仲間と果たしあいをした。相手も、相当できる男だった。仲裁がはいって、人死には出なかったが、そのとき惣七は、両眼のあいだに怪我《けが》をしたのだ。不覚なようだが、もののはずみだったと自分では思っている。それから、眼が悪くなって、おまけに、その女も、相手の男にとられてしまった。
そこで、というわけでもない。もとから、侍《さむらい》がいやになっていたやさきだったので、惣七は、ひらりと稼業《しょうばい》がえをした。さむらいをよして、町人になった。若松屋惣七となった。剣悟の呼吸《いき》で、金をあつかいだした。恋を失った自暴《やけ》もあった。が、はじめは、その苦しみを忘れるために、小判の鬼と化してやれなどという、そんなはっきりした気もちではなかったのだ。ただ、どうせ泰平の世である。武士では、出世のしようがない。剣では身が立たない。と思って、すっぱり鞍《くら》替えをしただけのことなのだ。
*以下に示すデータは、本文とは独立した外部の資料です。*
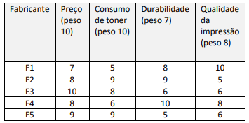 Um gerente precisa decidir qual impressora adquirir para o escritório da empresa em que trabalha. A tabela abaixo apresenta a avaliação das impressoras por fabricante, em cada um dos critérios de avaliação considerados, bem como os pesos atribuídos a cada critério.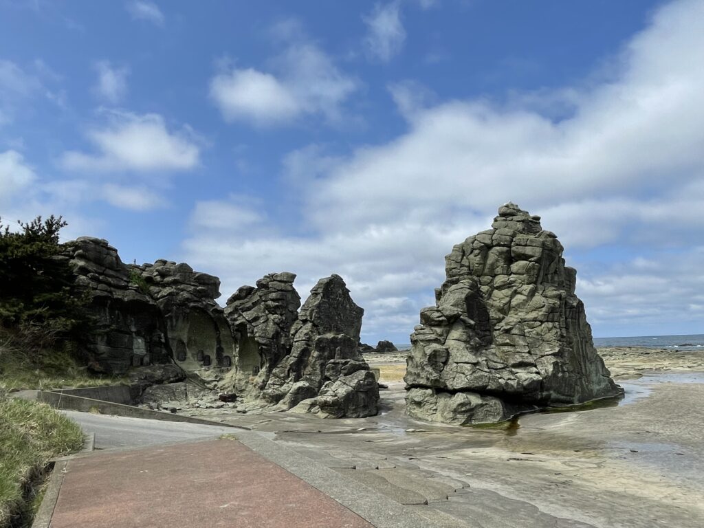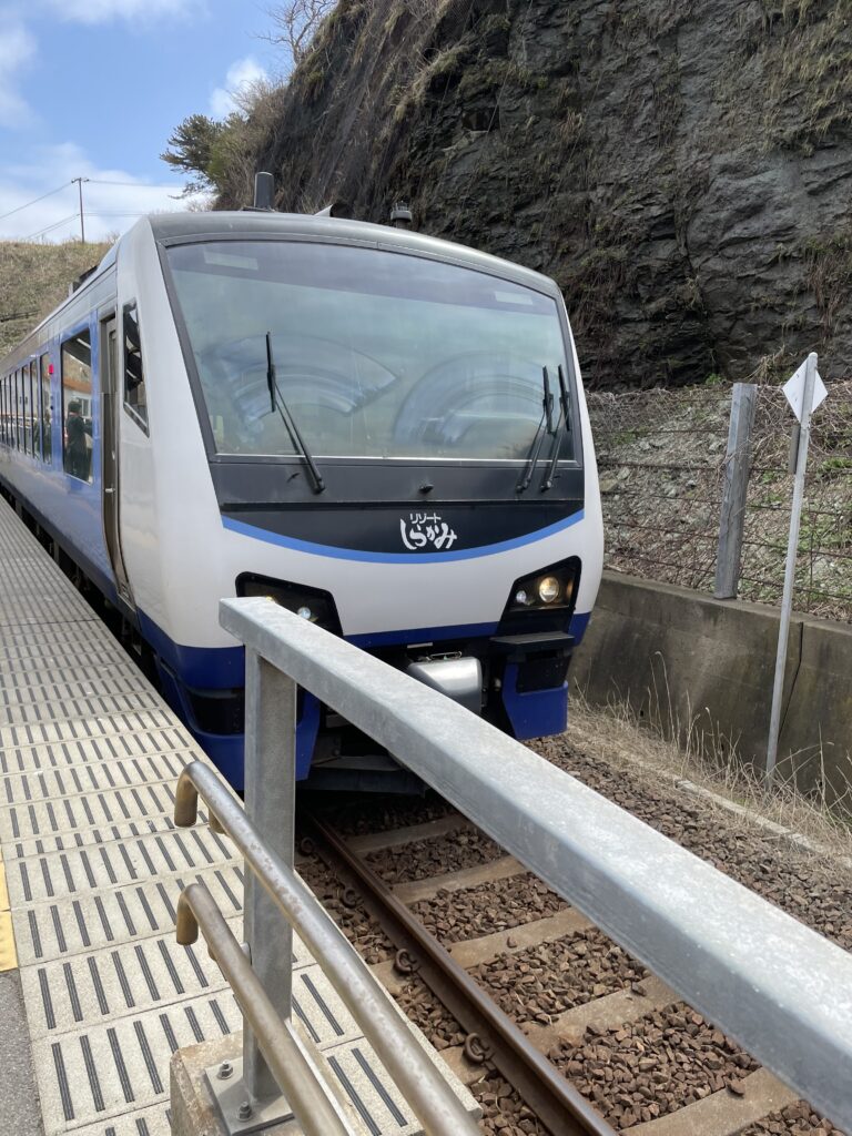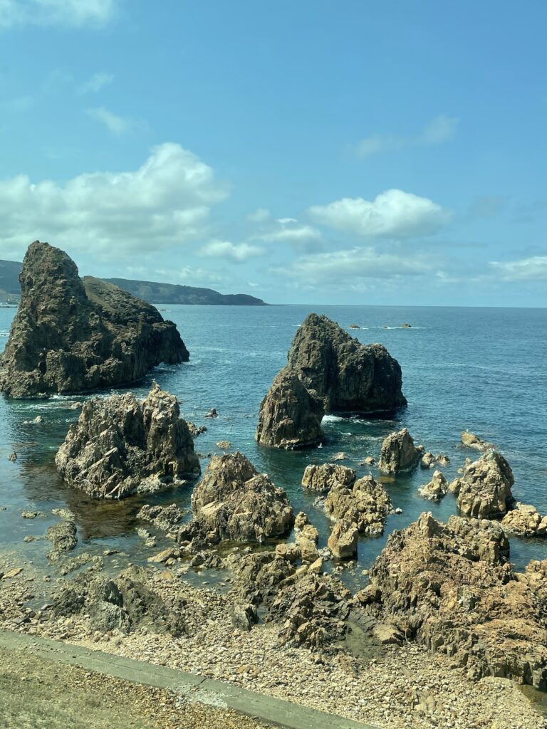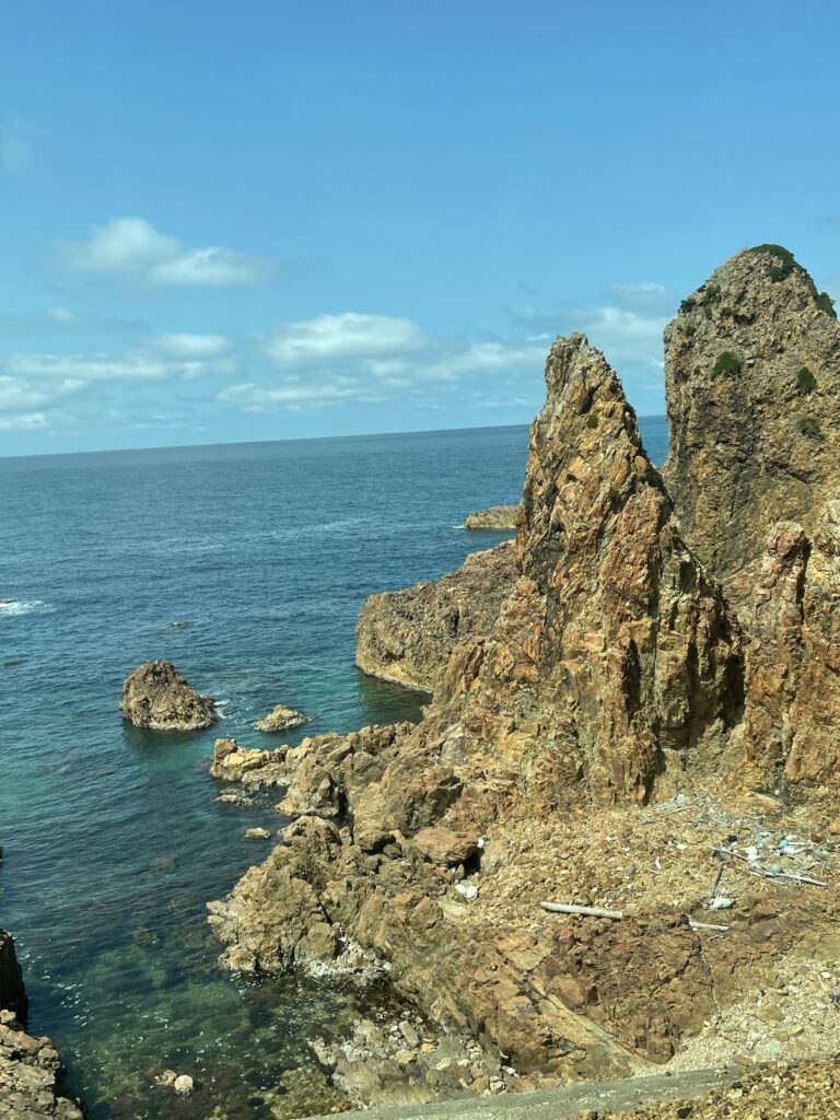 弘前から秋田までの4時間41分。途中これがスイッチバックかぁなどと思いながらまだ花の咲いていないりんごの木を眺める。1時間ほど経つと海岸線が見えてきた。太平洋側とはまた雰囲気が違う。奇岩が次々と現れ、見入ってしまった。

しかし、何でも、やり出してみると、面白い。夢中にさえなれば、武道も商道もおなじこつ[#「こつ」に傍点]なのだ。いつのまにかここまできた。きょうの若松屋惣七は、むかし星影一刀流に落葉返しの構えを作り出したように、金銭の取り引きに、彼独特の一つの秘奥《ひおう》を編み出している。悟りをひらいている。小判を手玉にとる名人の域にまで達しているのだ。これが、若松屋惣七の若松屋惣七たるゆえんだ。
女のことは忘れている。忘れようと骨折っている。忘れようとして骨を折らなければならないほど、忘れられないのだ。若いころのことを思うと、よくもああいろいろ馬鹿《ばか》なことができたものだと思う。それでも、武士の生まれであることは、身にしみている。だから、若松屋惣七は、ひとりでいると、名前らしくない、あんな四角ばった口調になるのだ。直そう直そうと思いながら、いまだに、さよう然《しか》らばが口に出る。知らない人からみると、へんてこな町人だ。
両替渡世の看板をあげているわけでも、若松屋という暖簾《のれん》が出ているわけでもない。家は、小石川の金剛寺坂だ。ちょうど安藤飛騨守《あんどうひだのかみ》の屋敷の裏手である。父の同僚《なかま》の住みあらしたあとを、もうけた金で買い取ったのだ。かなり広い。木立ちも多い。が、なにぶん荒れはてた古い家である。